On July 9, 1969, only a little more than a month after the Numerosity work sessions, Jim and Oz—stocked with Ernie and Bert and a handful of generic puppets with interchangeable eyes, noses, and hair that Jim called “Anything Muppets”—spent nine days in Philadelphia taping five pilot shows for Sesame Street. The pilots were to be shown to test audiences in Philadelphia and New York, a group that included the toughest critics of all: the preschoolers who were Sesame Street’s target audience. As it turns out, the responses of this key group would result in an important change in the show’s format.

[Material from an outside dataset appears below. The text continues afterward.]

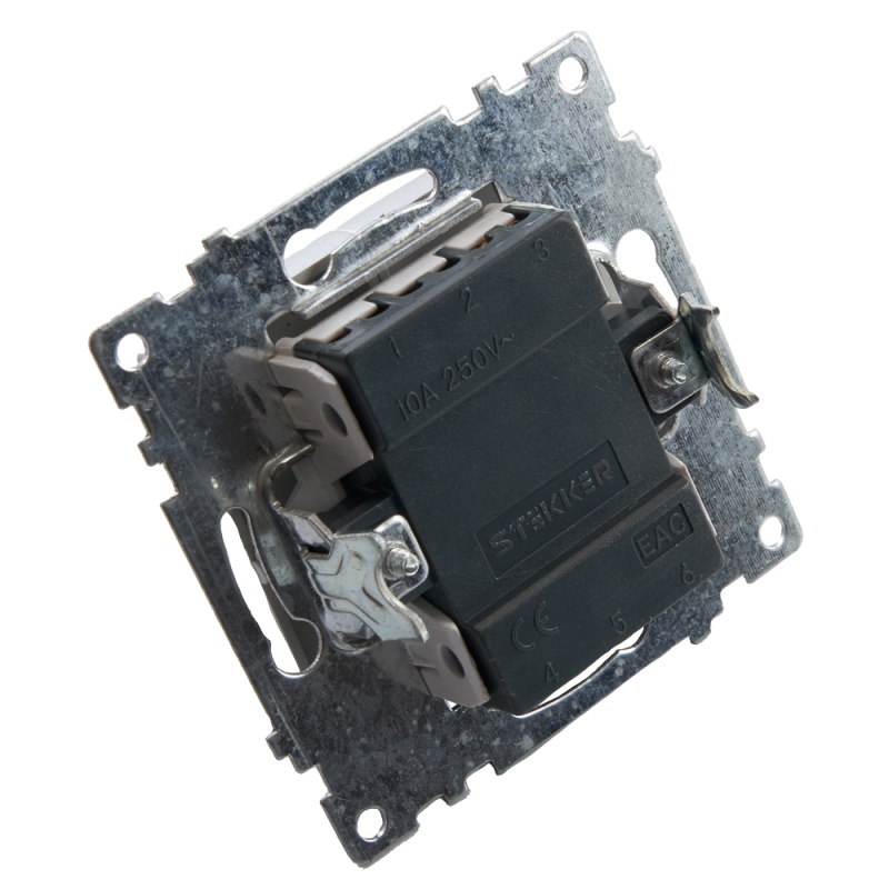 Характеристики Выключатель 1-клавишный c индикатором (механизм) STEKKER GLS10-7101-02, 250В, 10А, серия Катрин, шампань

In its original pilot format, Sesame Street moved from segment to segment in a deliberate, self-aware manner, with the human cast members introducing many of the short films or animations. The Muppets would then be seen in their own segments, often referencing prior inserts, and serving as the links from one piece to the next. This gave the show the magaziney Laugh-In feel Cooney had originally envisioned, but such a format meant the Muppets were completely isolated from Sesame Street’s human cast. This had been done deliberately, and with the best of intentions. “We had been told by all our advisors that preschoolers have difficulty in differentiating between fantasy and reality,” Stone said. “So the first idea was that you would have the street—a very real-looking set with real people on it—and then you would cut away to puppets, to animation, to all the things that make up the fantasy.